In de tuinen, behoudens in de bouwvrije zijtuinstroken, zijn volgende bijgebouwen en constructies toegelaten.
-
-
bergplaatsen en hokken
-
gebouwen voor de toegelaten nevenbestemmingen op de benedenverdieping van de hoofdgebouwen
-
specifieke tuinconstructies (prieeltje, pergola, siervijver e.d.)
-
verhardingen bestemd als parkeerplaats in functie van de bestemming van het hoofdgebouw. Deze verharding mag noch als openluchtwerkplaats, noch als openluchtstapelplaats voor materialen en/of schroot dienen.
-
Bijgebouwen en constructies
-
De samengevoegde oppervlakte van bijgebouwen en/of verhardingen mag niet meer bedragen dan 15% van de perceelsoppervlakte. In deze oppervlakte zijn de verhardingen die toegang geven tot deze 15% niet begrepen.
Deze toegangen hebben een breedte van maximum 3,00m.
Inpandige doorritten naar de tuin zijn, bij aaneengesloten bebouwing slechts toegelaten bij percelen met een breedte van minimum 9,00m.

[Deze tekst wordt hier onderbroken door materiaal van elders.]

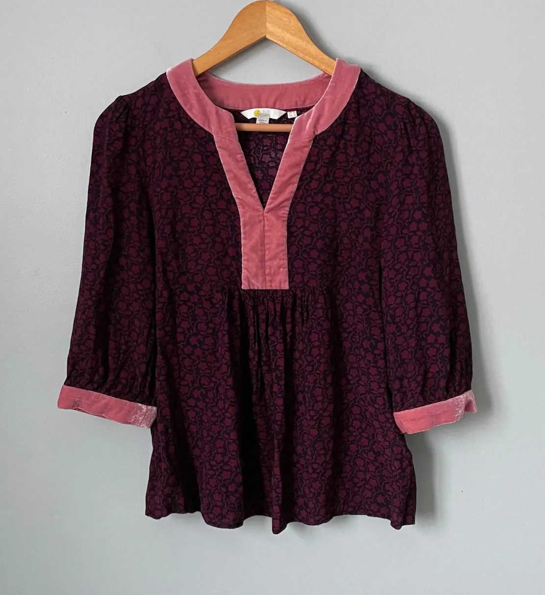 Discover effortless charm in this Boden tunic top. A captivating burgundy base is adorned with an intricate black floral print, while plush pink velvet trim elegantly frames the V-neck and cuffs, adding a touch of sophisticated luxury. The flattering gathered empire waist flows into a relaxed silhouette, offering both comfort and style for any occasion. Perfect for a stylish lunch date or a casual day out. Measurements: • Bust: 38 in • Waist: 38 in • Length: 26 in • Sleeve Length: 17 in Type: Blouse Department: Women Style: Tunic Material: Viscose, Polyester Neckline: V-Neck Sleeve Length: 3/4 Sleeve Sleeve Type: Roll Tab Sleeve Pattern: Floral Accents: Button Features: Collared Fit: Relaxed Fabric Type: Viscose Occasion: Casual, Workwear Closure: Pullover Season: Spring, Fall Keywords: Boden, tunic, burgundy, floral, velvet trim, v neck, three quarter sleeve, womens top, feminine, boho, retro, fall fashion, winter wear, blouse

Deze beperkingen gelden niet bij hoekgebouwen.
-
Bebouwing en/of verharding is slechts toegelaten met dien verstande dat een minimum van 60m² onverharde tuin wordt bewaard.
-
Bij bestaande panden met een tuinoppervlakte van minder dan 60m² zijn geen bijgebouwen, noch verhardingen als parking, toegelaten.
-
Specifieke tuinconstructies en tuinverhardingen in functie van het hoofdgebouw mogen steeds worden opgericht in de onverharde tuinstrook.
-
Plaatsing van de bijgebouwen
-
op niet – hoekpercelen
-
gevel gericht naar het hoofdgebouw: op minimum 23,00m of 27,00m achter de voorgevel van het hoofdgebouw, naargelang de perceeldiepte van minder of meer dan 30,00m.
-
overige gevels: hetzij op de perceelgrens,
hetzij op minimum 2,00m afstand ervan
-
op hoekpercelen
-
gevel gericht naar de perceelgrens waarop de scheidsmuur wordt gebouwd: op minimum 3,00m afstand van deze perceelgrens tot op een diepte van 23,00m of 27,00m gemeten vanaf de voorgevelbouwlijn van het hoofdgebouw, naargelang de perceeldiepte van minder of meer dan 30,00m.
-
gevel aan de straatzijde: op de voorgevelbouwlijn, bepaald voor deze straat.
-
overige gevels: hetzij op de perceelgrens,
hetzij op minimum 2,00m afstand ervan.
-
Afmetingen van de gebouwen
Bouwhoogte
-
-
op niet – hoekpercelen, gemeten vanaf het grondpeil
-
tot de bovenkant van de kroonlijst of deksteen: maximum 2,50m
-
tot de bovenkant van de nok van een schuin dak: maximum 4,00m, met dien verstande dat de hoogte van het gebouw steeds moet begrepen zijn binnen het profiel gevormd door een hoek van 45° met de horizontale, vertrekkend op een hoogte van 2,50m boven de Erfscheidingen en boven de plaats waar de gevel van het bijgebouw, gericht naar het hoofdgebouw, wordt opgericht.
-
-
op hoekpercelen, gemeten vanaf het trottoirpeil
-
de gevel aan de straatzijde: gemeten tot de bovenkant van de kroonlijst of deksteen: minimum 3,00m en maximum 4,00m.
-
de overige gevels: zoals voor de niet – hoekpercelen.
-
Welstand van de gebouwen
-
Dakvorm: vrij
-
Materialen:
-
voor de gevels:
-
zichtbaar vanaf de openbare weg, het openbaar domein of de voor het publiek toegankelijke plaatsen: zelfde voorwaarden als deze die gelden voor de voorgevel van de hoofdgebouwen.
-
overige gevels: zelfde voorwaarden als deze die gelden voor de overige gevels van de hoofdgebouwen.
-
voor de bedekking der schuine daken:
zelfde voorwaarden als deze die gelden voor de schuine daken van de hoofdgebouwen
Daarenboven zijn toegelaten, bij gebouwen voor ambachtelijke bedrijven en voor zover ze niet zichtbaar zijn vanaf de openbare weg, het openbaar domein of de voor het publiek toegankelijke plaatsen:
-
Erfscheidingen
-
Afsluitingsmuren in baksteenmetselwerk met een maximumhoogte van 2,00m, afgedekt met muurkappen, dekstenen of ezelsrug.
-
Levende hagen met een maximumhoogte van 2,00m, versterkt met palen en draad.
-
Hagen gevormd door coniferen zijn niet toegelaten
-
Houten afsluitingen onder de vorm van vlechtwerk of palissaden e.d., met een hoogte van minimum 1,20 en maximum 2,00m, op voorwaarde dat het hout verduurzaamd is in vacuüm en onder druk.
-
Betonpalen en draadwerk, eventueel voorzien van één betonplaat tot op maximum 0,30m boven het grondpeil.
-
Muren bestaande uit betonplaten en meerdere betonplaten boven elkaar zijn verboden.